Thompson, Gertrude Hickman (1877–1950)
Thompson, Gertrude Hickman (1877–1950)
American executive and philanthropist. Name variations: Mrs. William Boyce Thompson. Born Gertrude Hickman in 1877 in Virginia City, Montana; died on August 27, 1950, in Yonkers, New York; married William Boyce Thompson (died June 27, 1930).
Named chair of the board, Magma Arizona Railroad, and director of Newmont Mining Corporation (1930); established the Mrs. William Boyce Thompson Foundation.
Born in 1877 and raised in Montana, Gertrude Hickman married William Boyce Thompson, a wealthy railroad owner and president of the Magma Copper Company. After her husband's death in 1930, Gertrude Thompson was named chair of the board of the Bryce Thompson Institute for Plant Research in Yonkers, New York.

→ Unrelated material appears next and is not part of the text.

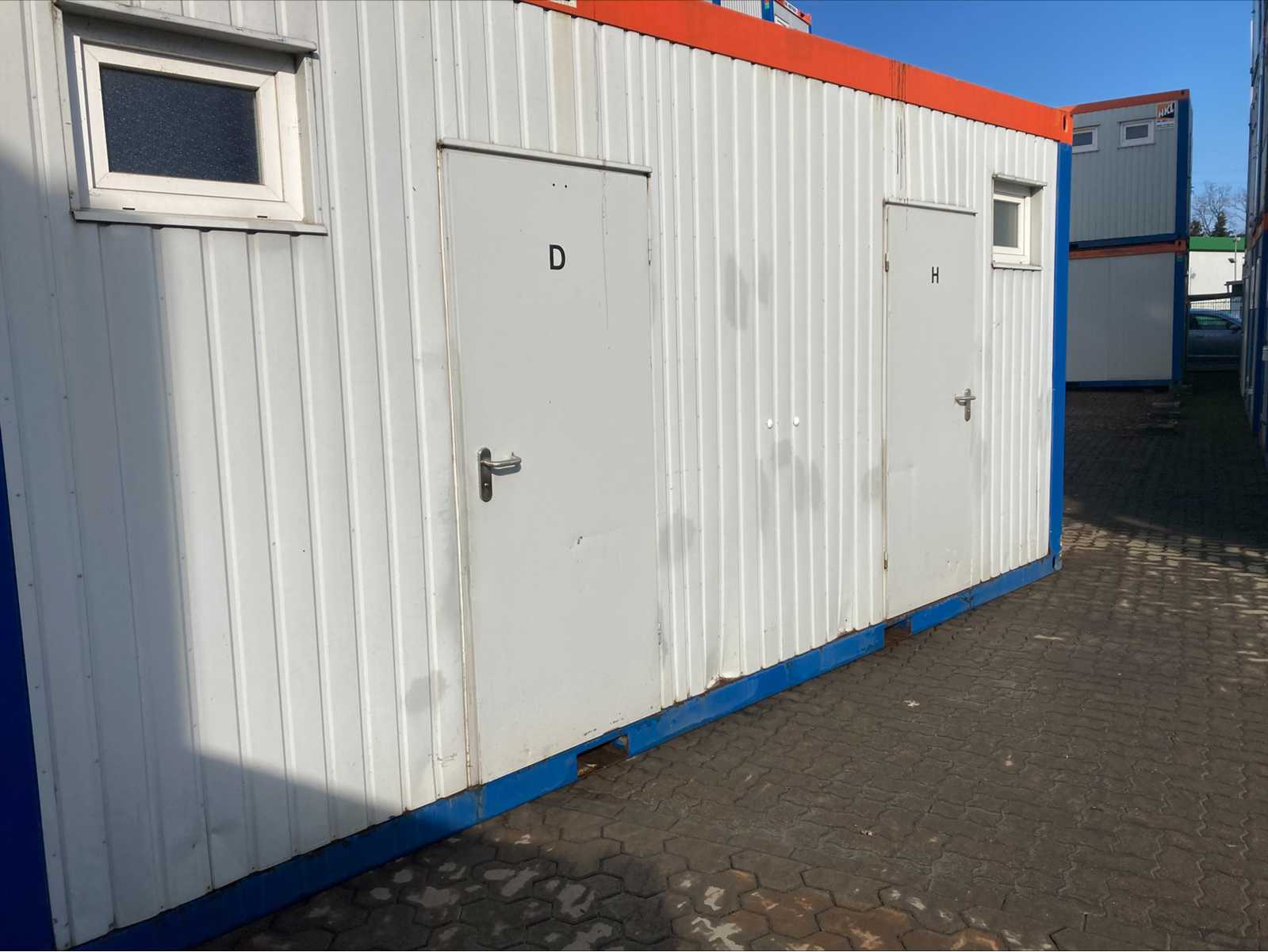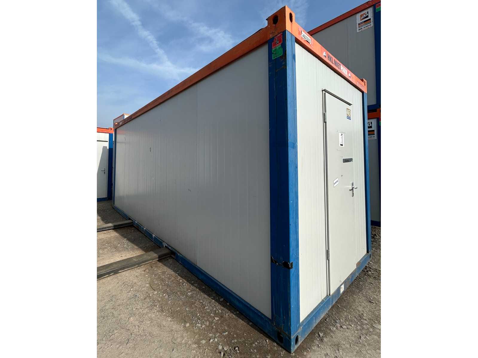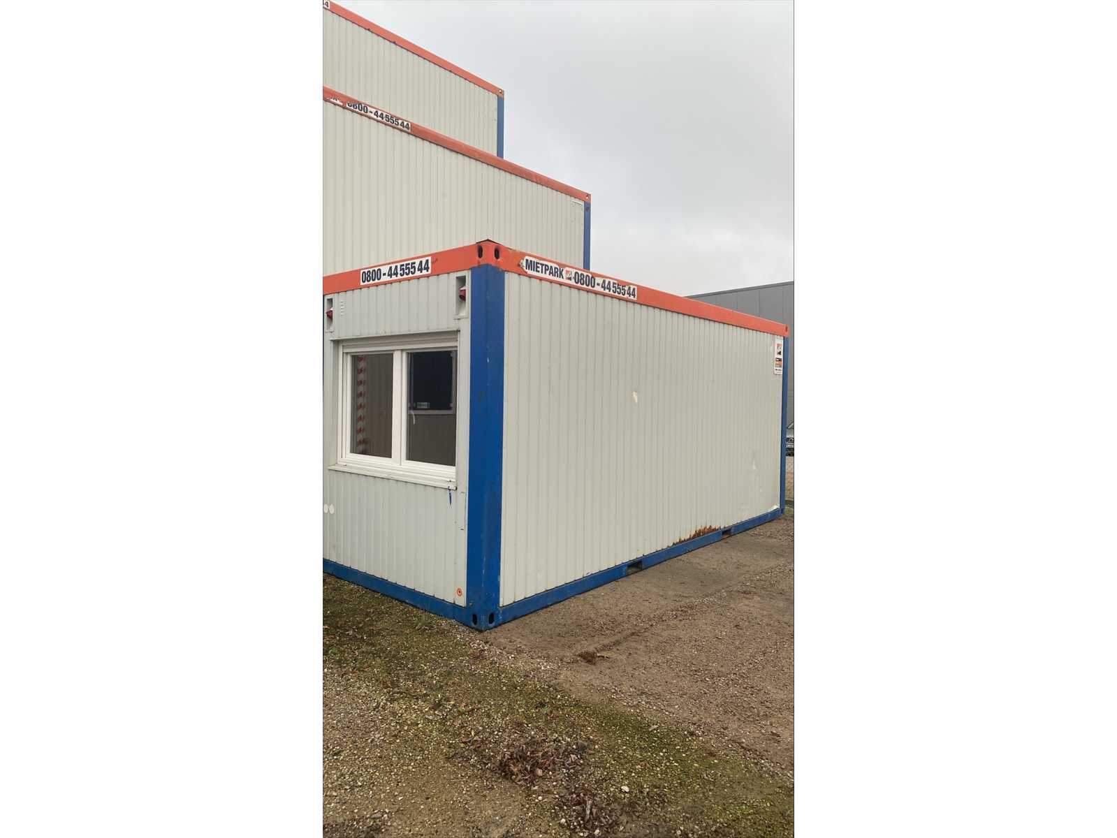 Specifications External dimensions: 6,058 x 4,976 x 2,800 mm Shipping: Non-shipping BDF System: Yes Tight-welded steel frame: Yes Frame: DIN-ISO Handling: Connectable, Stackable, Craneable Forklift pockets: 2055 mm Floor: PVC flooring Interior colour RAL: 9010 Exterior colour RAL: 9010 Security: Profile cylinder lock Electrical: Electrical installation, ceiling lights, switches & sockets, outdoor socket: CEE 32A 5P 400V, fuse box, RCD SWITCH according to VDE EnEV-compliant: No Ventilation: Forced ventilation Heating: Yes Material inner wall (cladding): PVC Doors: Without vestibule Number of doors: 1 Exterior door: steel Number of windows: 4 Sanitary facilities: No Auction-ID: A1-44751-31
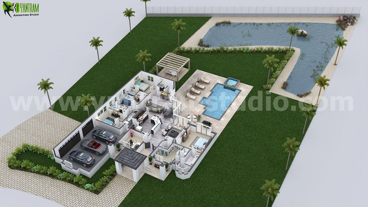 3D Floor plan with surrounding area of grass and pond to present your house more attractively. Modern furniture with perfect color combination makes house more beautiful. Floor plan contains 4 bedroom, living area, kitchen area, closet area, bathroom, swimming pool, patio, outdoor furniture, 3 car garage, office / dan with surrounding site and pond.

She also became chair of the Magma Arizona Railroad and was named a director of her husband's Newmont Mining Corporation. Given control of these vast financial resources, Thompson became a philanthropist. She contributed money to help civilians in France, Belgium, and Italy during World War I, and during World War II established an organization to make and distribute clothing to Allied military personnel. Thompson also founded a clinic in Lille, France, to aid children with tuberculosis. She died about age 73 in Yonkers, New York.
sources:
Read, Phyllis, and Bernard L. Witlieb. The Book of Women's Firsts. NY: Random House, 1992.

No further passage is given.